Here’s the version that’s closer to the truth:

Steve and I first went out because the only other person on the scene at that moment was an agnostic divorcee who lived an hour away. Even then I turned him down a few times because I didn’t fancy him and I thought he was too old. Our first kiss was an awkward mess of beards and cycle helmets and teeth.

We started arguing approximately one week into our relationship and carried on like that for the best part of four years. While I ranted and emoted and cried and sulked and talked about my feelings and then talked about talking about my feelings, he retreated into his repressed, northern Irish, Presbyterian, under-no-circumstances-must-you-show-any-emotion scientist’s shell.

It was trench warfare.

One of the big, underlying problems was that I was disappointed. The big romance I’d dreamed of having was not unfolding. Going out with someone in real life was really bloody hard work. I realise a lot of this is my own sinful fault, but I do partly blame magazines and films, and I do also blame aspects of Christian culture for my unrealistic expectations.

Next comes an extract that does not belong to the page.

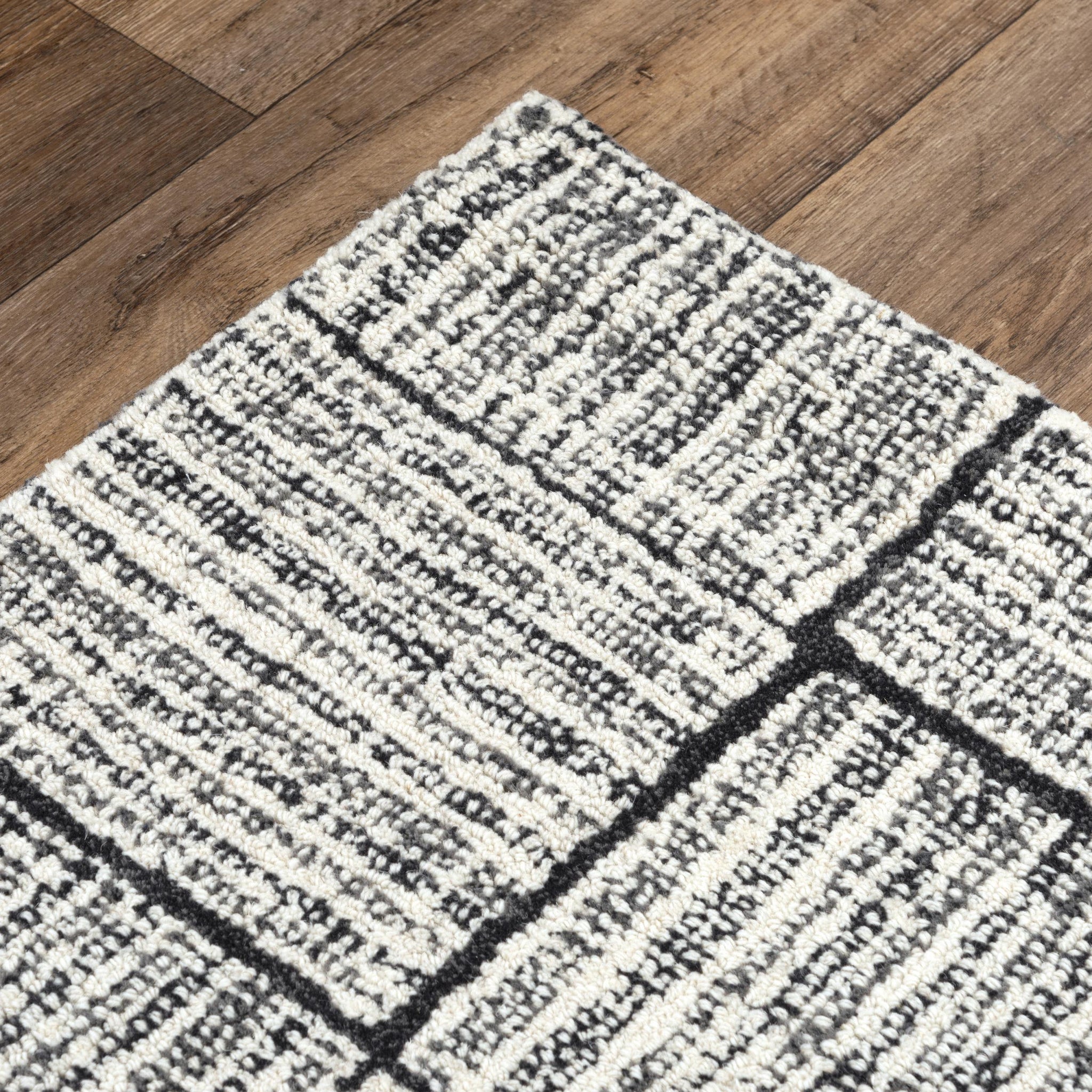 Our Taylor Collection by Rizzy Home is an excellent addition to your room. The craftsmanship is outstanding and the black and charcoal theme will allow you to add any range of color within the room. The 100-percent wool is hand-tufted and hand-surged added to an ultra dense construction which is then full loop, tip sheared in a unique deign sure to pleases.
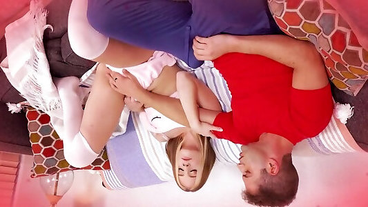Glorious Sandy-haired Sweetie Gaggs On Her Step Brothers Enormous Knob In His Guest Room

More than anywhere else, we revere marriage in the Church, and rightly so. But somewhere along the line, we’ve managed to get confused about what real love is like. We hold up examples of ‘perfect Christian couples’ – the ones who are amazingly good looking, probably have a few perfect children, and seem to have a hotline to God. And subconsciously, the rest of us think that that is what our relationships should be like, and then we’re disappointed when they’re not.

We need to stop this hankering after the perfect everything, and embrace imperfect reality. If you haven’t already, read the terrible story about Oscar Pistorious which broke this morning. I hope it inspires you, whether you’re single or in a couple, to stop and give thanks for all the people that you love.

The reality of any relationship is always less sexy than the fiction, but people are precious and they are temporary, so cherish them, warts and all.